Consider $$f(x,y,k) = kx-y$$ and its level set $f(x,y,k) = 0$
Now for example assume that I have found a point on this level set $(9,81,9)$, how can I then estimate $k$ in $(8,76,k)$? This translates to if we know $81/9=9$, how can we calculate $76/8 = ?$
I can calculate gradient $$\nabla f = [k,-1,x]$$
To remain on surface (locally), I shall go perpendicular to gradient. So $$[\Delta_x,\Delta_y,\Delta_k][k,-1,x]^T = 0$$
Now this lets us derive a wealth of algorithms which we can iterateively take small steps:
- Take step along a line in the tangent plane.
- Make correction in gradient direction to come back to surface.
But the problem I hit is when I want to go one step further into higher order models.
For example if I want to use a second order polynomial model...
All second order partial differentials are zero!
How can I modify $f$ or my algorithm to somehow add information of higher order than $1$ ?
Own work:
I've been thinking I can do $f \to f^3$. This is sure to generate a higher order power series expansion everywhere, right?
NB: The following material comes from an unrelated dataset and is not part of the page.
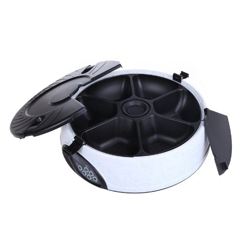 Sei separati grandi vassoi di cibo per un massimo di 6 diversi tempi di alimentazione. Ogni vassoio sarà aperto automaticamente durante l'ora del pasto prestabilito a turno

As @TedShifrin writes, of course we do get second order partial derivatives:
$$\frac{\partial^2}{\partial k \partial x} f = \frac{\partial^2}{\partial x \partial k} f = 1$$
So we get a non-zero, but constant Hessian:
$${\bf H}\{f\} = \begin{bmatrix}0&0&1\\0&0&0\\1&0&0\end{bmatrix}$$
Perhaps even one of the simplest and sparsest Hessians possible.
We can now go on to devise (for example) a second order polynomial approximation as per this question:
$$f(\mathbf{x}^* + h\mathbf{y}) = f(\mathbf{x}^*) + h \nabla f(\mathbf{x}^*)^T \mathbf{y} + \dfrac{1}{2} h^2 \mathbf{y}^T \nabla^2 f(\mathbf{x}^*) \mathbf{y} + O(h^3)$$
If we explicitly write $\bf g$ and $\bf H$ for gradient and Hessian:
$$f(\mathbf{x}^* + h\mathbf{y}) = f(\mathbf{x}^*) + h {\bf g}^T \mathbf{y} + \dfrac{1}{2} h^2 \mathbf{y}^T {\bf H} \mathbf{y} + O(h^3)$$
Now we can use this however we see fit to pick out a better direction for estimation.